What good content looks like for SEO
- It answers a specific question completely — not just skims the surface
- It's structured with proper headings (H2, H3) so Google can understand the hierarchy
- It includes the target keyword in the title, first paragraph, and naturally throughout
- It's longer than the competing results — typically 1,000–2,000 words for competitive terms
- It's updated regularly — fresh, accurate content ranks better than outdated content
Step 5: Optimise for AEO and GEO
This is where most SEO guides stop — but search is changing. Answer Engine Optimisation (AEO) and Generative Engine Optimisation (GEO) are about making your content visible in AI-powered search results: Google's AI Overviews, ChatGPT, Perplexity, and similar tools.
These platforms increasingly answer questions directly without sending users to a website. If your content isn't structured to be extracted and cited by AI tools, you're invisible to a growing share of searches.
How to optimise for AI search
- Use FAQ sections with clear question-and-answer formatting — AI tools love to extract these
- Add structured data (schema markup) so search engines can understand your content type
- Answer questions directly and concisely in the first sentence, then expand — this matches how AI tools extract answers
- Include your business name, location, and services clearly on every page — AI tools use this for local queries
How long does this take?
Honest answer: meaningful organic traffic growth takes 3–6 months. Technical fixes and basic on-page optimisation can show results in weeks. Content starts ranking in 2–4 months. Domain authority builds over years.

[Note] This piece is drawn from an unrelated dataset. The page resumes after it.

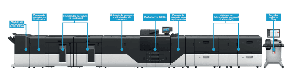 A Kyocera TASKalfa Pro 15000c redefine fronteiras ao unir produtividade e acessibilidade em uma impressora inkjet de produção de folha solta (sheet-fed) e alta velocidade. Ela oferece uma solução digital de excelente custo-benefício para aplicações transacionais, transpromocionais e de mala direta, com capacidade adicional para demandas em mídias especiais.
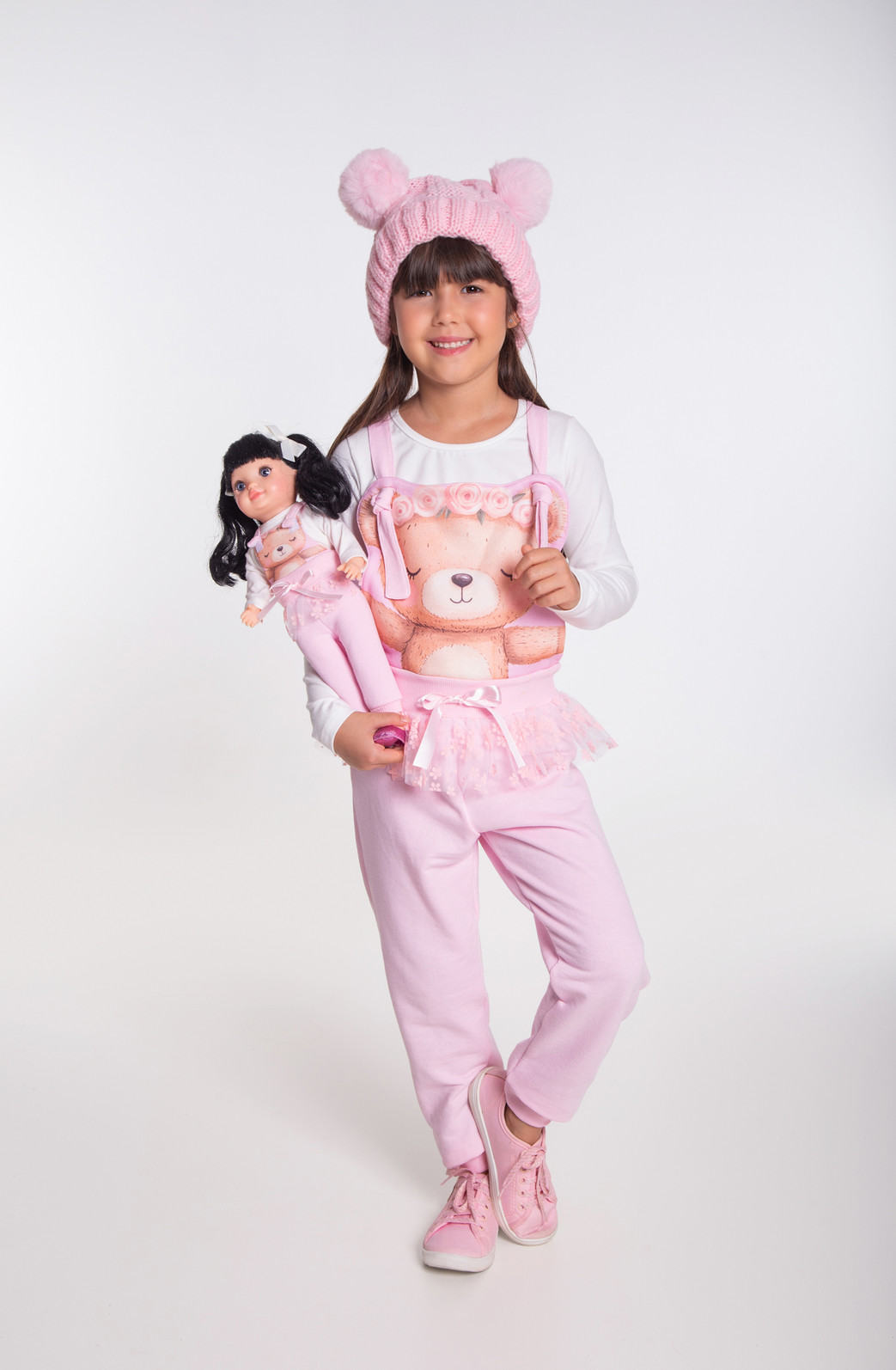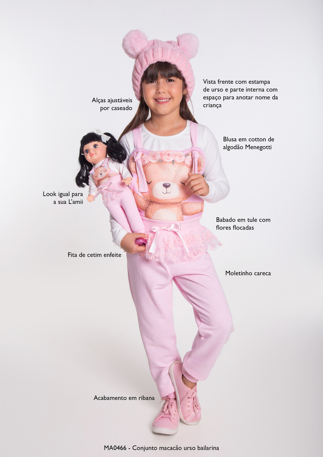 Pensando na praticidade, o macacão possui alças ajustáveis por caseado (acompanha o crescimento da criança!) e um detalhe inteligente na parte interna da vista: um espaço exclusivo para anotar o nome da criança, perfeito para não perder a peça na escola ou em festinhas. E claro: o look acompanha a roupa igualzinha para a boneca (compatível com L'amii)! 👯♀️💫

This is why SEO is a long-term investment, not a quick fix. Every business we work with that commits to consistent SEO effort sees compounding results — rankings improve, traffic grows, and the cost per acquisition decreases over time.
SEO is not complicated. It's consistent effort applied to the right things in the right order. Start with the technical foundation, target the right keywords, optimise your pages, and publish content regularly. The results compound — and unlike paid ads, they don't disappear when you stop paying.